This repo includes the code base used in the paper "What Drives Learned Optimizer Performance? A Systematic Evaluation", as was submitted for review for the EDBT/ICDT 2026 Joint Conference.
The repository is organized as follows:
.
├── benchmark_scripts/ # Scripts to populate the database after startup (Setup)
├── installation_scripts/ # Scripts to configure the database (Setup)
├── workloads/ # Base workloads used for training and evaluation (Base Workloads)
├── experiments/ # Experiment inputs, results, and analysis notebooks (Experiments)
│ └── experimentID/
│ └── benchmark/
│ └── runID/
│ └── queryID/ # Individual query results, e.g., experiment1/job/run1/29c
│ └── *.ipynb # Analysis notebooks with figures (Results - Figures)
├── preprocessing/ # Utility scripts: workload processing, SQL parsing, etc. (Utility Scripts)
├── optimizers/ # Integrated learned query optimizers (Learned Query Optimizers)
│ ├── balsa/
│ ├── BaoForPostgreSQL/
│ ├── BASE/
│ ├── FASTgres-PVLDBv16/
│ ├── Lero-on-PostgreSQL/
│ ├── LOGER/
│ └── Neo/
├── docker_instructions.md # Guide for building and managing Docker environments (Setup)
├── citations.md # Bibliographic references for workloads and related work (Citations)
This repository serves as a testbed for evaluating learned query optimizers (LQOs). Our experimental environment consisted of two main components:
-
CPU-only server: Hosted multiple Docker environments (each with 40 GB of shared memory) running PostgreSQL v12.5 instances. These instances acted as the execution backends for the learned query optimizers.
-
GPU server: Used to train and run each LQO implementation.
For most users, it is not necessary to replicate this multi-server configuration.

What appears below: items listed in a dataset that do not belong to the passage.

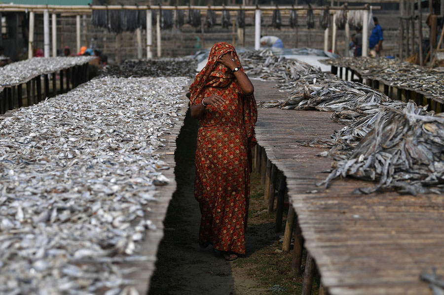 Read moreA Rohingya refugee woman walks through Nazirartek fish-drying yard, where she works, on March 23, 2018. The woman, who did not wish to be identified, escaped from Kutupalong refugee camp. #
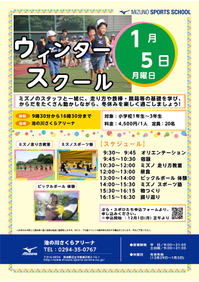 1月5日(月)『ミズノ ウィンタースクール』参加者募集中!
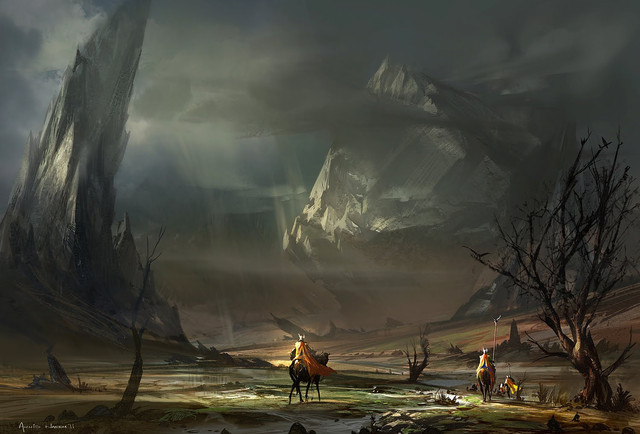 Really great colours, especially on the bird creature. Love the armour too! Great work
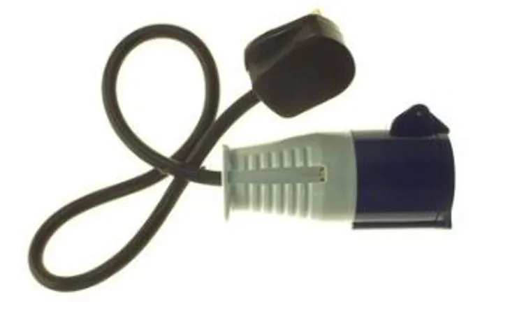 Adaptor from standard 13 A plug → 16 A blue socket
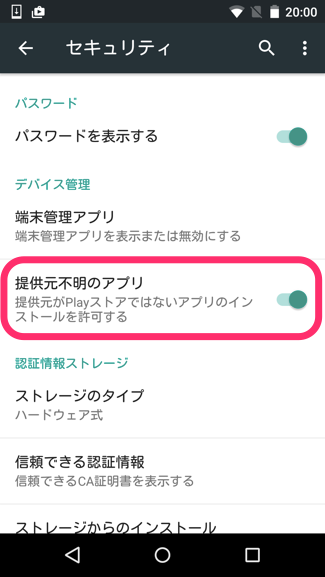 メニュー設定セキュリティメニューにある[提供元不明のアプリ]のスイッチをONに設定してください。
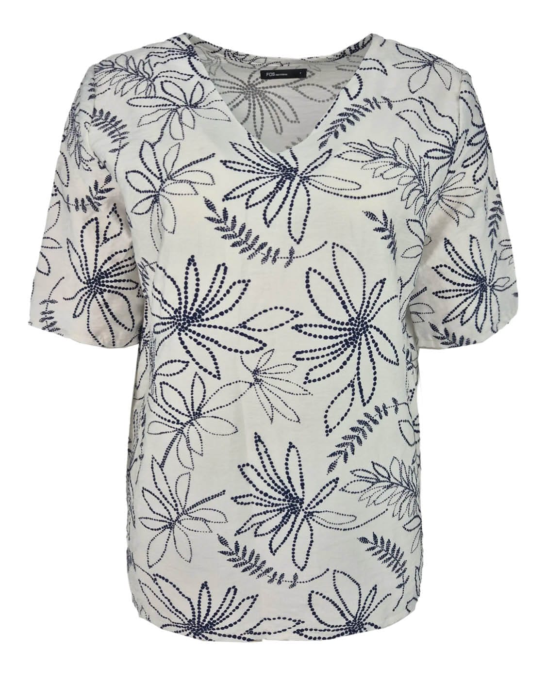 Blouson van FOS Amsterdam in bloemendessin met korte mouwen, V-hals en elastische onderzijde. Materiaal: Viscose 85%| nylon 15%
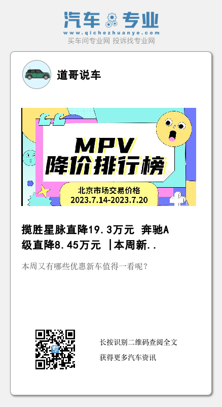 【文/财圈社&道哥说车 浅浅】进入三伏天,天气潮湿而又闷热,无论是上班途中还是外出闲逛,都想有一个能吹空调的驾乘工具,本周又有哪些优惠新车值得一看呢?
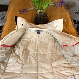Stylish Arc'teryx jacket. Cream color. Hooded design. Full zip closure.
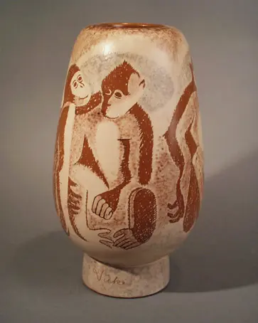 Vas av Vicke Lindstrand. Han var konstnärlig ledare 1942-50 på Upsala-Ekeby. Vasen finns i Ekebys katalog 1944.
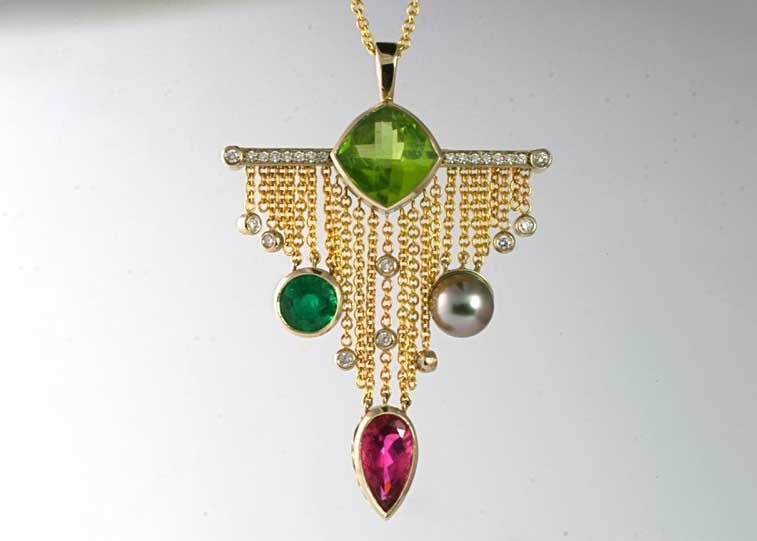 This custom designed pendant features birthstones of an August born Mother, children born in May and June, and an October born Father.

A single machine with Docker installed and GPU access is sufficient for experimentation.
Refer to the setup guide for detailed instructions on building, configuring, and managing Docker containers. Each optimizer may require specific dependencies or database configurations—please consult the corresponding README files listed below.
This repository integrates multiple state-of-the-art learned query optimizers. Setup instructions, additional notes, and guidance on loading checkpoints for each experiment are provided below:
-
NEO: See optimizers/balsa/README.md (Note: NEO is executed through the Balsa codebase, as the official NEO implementation was not publicly released.)
-
LOGER: See optimizers/LOGER/README.md
-
FASTgres: See optimizers/FASTgres-PVLDBv16/README.md
-
LERO: See optimizers/Lero-on-PostgreSQL/README.md (Note: LERO requires non-default PostgreSQL configurations; refer to its README for setup details.)
Our evaluation framework examines several key aspects of learned query optimizer performance. Each experiment directory includes documentation describing its objectives, methodology, and any special database configurations required.
- (E1) End-to-End Performance & Value Model Fidelity
- (E2) Sensitivity & Execution Stability
- (E3) Learning Trajectory & Convergence
- (E4) Internal Decision-Making & Plan Representation
- (E5) Generalization to Novel Conditions
We provide pretrained model checkpoints for each experiment and optimizer in the following Hugging Face repository: 👉 LQO Evaluation Suite Models
Please refer to each optimizer’s documentation for detailed instructions on which model checkpoint to load for each experiment.
The results of each experiment, along with the figures reported in the publication, are available in the Jupyter notebooks below:
The learned query optimizers (LQOs) were trained and evaluated using the following workloads.
- Join Order Benchmark (JOB)
- TPC-H
- TPC-DS
- JOB-Synthetic
- JOB-Dynamic
- JOB-Extended
- JOB-Light
- Star Schema Benchmark (SSB)
- SSB – After Schema Transformation
- STATS
- STATS – Sampled
The preprocessing directory contains a separate repository implementing utility tools for supporting experiments. These include:
- An SQL parser
- Scripts to transform workloads into directories compatible with our experiment structure
- Programs to calculate workload distributions (as used in Experiment E5)
- PostgreSQL warm-up calls
- Additional miscellaneous utilities
For more details, refer to the preprocessing README.
We thank the authors of the previous work for making their research publicly available. For full citation details, please refer to the citations file.